Court Opinion

ID: 9536290
Source: CourtListenerOpinion
Date Created: 2023-08-07 06:57:10.951437+00
Date Added: 2024-06-11T13:33:30.919765
License: Public Domain

CROCKETT, Chief Justice
(concurring).
I concur in affirming the judgment but add this comment: It seems to me that the majority opinion may well be interpreted, *303at least by implication, as leaning toward making a judicial procedure out of the determination to be made by the Department of Public Safety (Sec. 41-2-5, U.C.A.1953). It is my opinion that the duty imposed upon the Department by the statutory mandate to “determine the amount of security * * sufficient in its judgment to satisfy any judgment” is intended to be administrative rather than judicial. It is of course essential that some judgment and common sense be used in determining what “amount of security” would be sufficient to satisfy any judgment. (See discussion of quasi-judicial function of administrative agencies in 1 Adm. Law Treatise, Davis, p. 67.) If on the basis of the reports, it would be plain to any one using common sense that there is no possibility whatever of any judgment, then it would be a useless gesture, and a capricious and arbitrary imposition upon a citizen, to require a bond. If this is done, it can be rectified by resort to the court as has been done here under the standard rule of administrative review which corrects such arbitrary actions. (See Kent v. Industrial Comm., 89 Utah 381, 57 P.2d 724.)

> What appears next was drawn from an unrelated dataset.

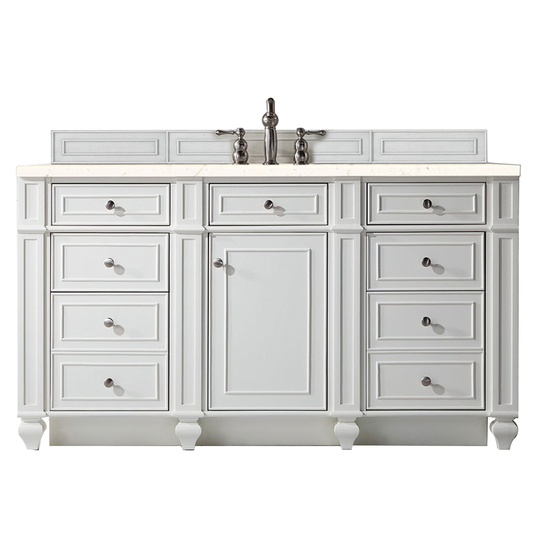 The Bristol 60" Bright White Single Vanity features a full plinth base, also known as a toe kick or pedestal base. This wraparound base allows for quick clean ups. This vanity is complimented by Satin Nickel door and drawer pulls, along with an optional wood backsplash. The look is completed with a 3 CM eased edge Eternal Marfil Silestone top and one white ceramic rectangular sink.

In order to provide a guide in such matters, and to protect the Department from becoming involved in adversarial disputes as to the merits of such claims, and thus involved in judicial proceedings, I think It should be made as definite as possible that the Department is authorized and obliged to require security, except only where from the reports made it appears so clearly as to be without substantial question that there could in no event be any liability.